Leave out the pictures and retype, exactly, the lines below from the line with "Parure in vetro" up to and including the line with "또 y2k 분위기를 더 내고싶어서 안경과 목걸이에 포인트를 주었습니다", nothing more.

*Dataset extract:*
========

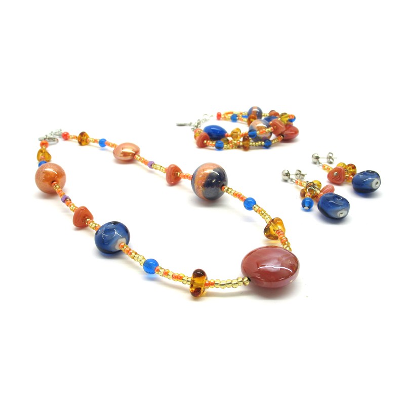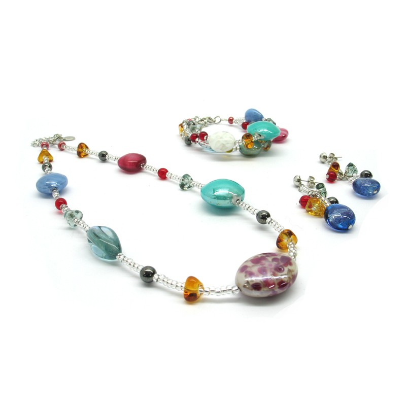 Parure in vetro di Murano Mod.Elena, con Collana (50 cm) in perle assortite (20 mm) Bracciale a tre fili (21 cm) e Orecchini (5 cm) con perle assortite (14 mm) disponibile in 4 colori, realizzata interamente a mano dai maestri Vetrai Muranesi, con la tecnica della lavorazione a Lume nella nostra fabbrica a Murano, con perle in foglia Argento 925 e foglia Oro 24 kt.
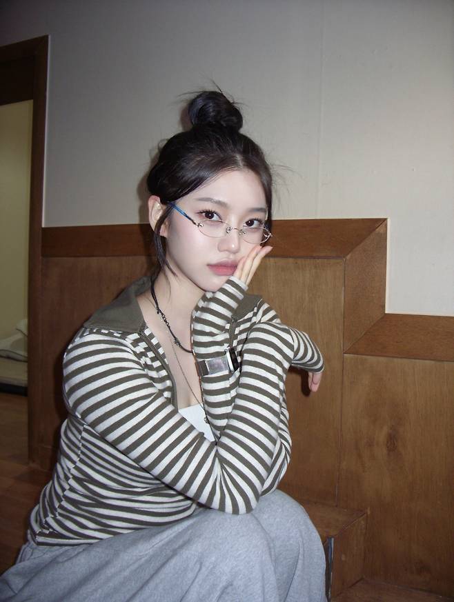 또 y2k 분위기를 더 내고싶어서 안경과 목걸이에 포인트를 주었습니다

========

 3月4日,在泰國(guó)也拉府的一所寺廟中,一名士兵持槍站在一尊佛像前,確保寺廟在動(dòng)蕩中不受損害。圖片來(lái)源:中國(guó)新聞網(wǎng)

========

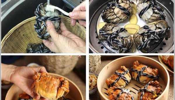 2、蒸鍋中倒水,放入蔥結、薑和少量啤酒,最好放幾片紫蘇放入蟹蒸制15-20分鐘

========

*Result:*
 Parure in vetro di Murano Mod.Elena, con Collana (50 cm) in perle assortite (20 mm) Bracciale a tre fili (21 cm) e Orecchini (5 cm) con perle assortite (14 mm) disponibile in 4 colori, realizzata interamente a mano dai maestri Vetrai Muranesi, con la tecnica della lavorazione a Lume nella nostra fabbrica a Murano, con perle in foglia Argento 925 e foglia Oro 24 kt.
 또 y2k 분위기를 더 내고싶어서 안경과 목걸이에 포인트를 주었습니다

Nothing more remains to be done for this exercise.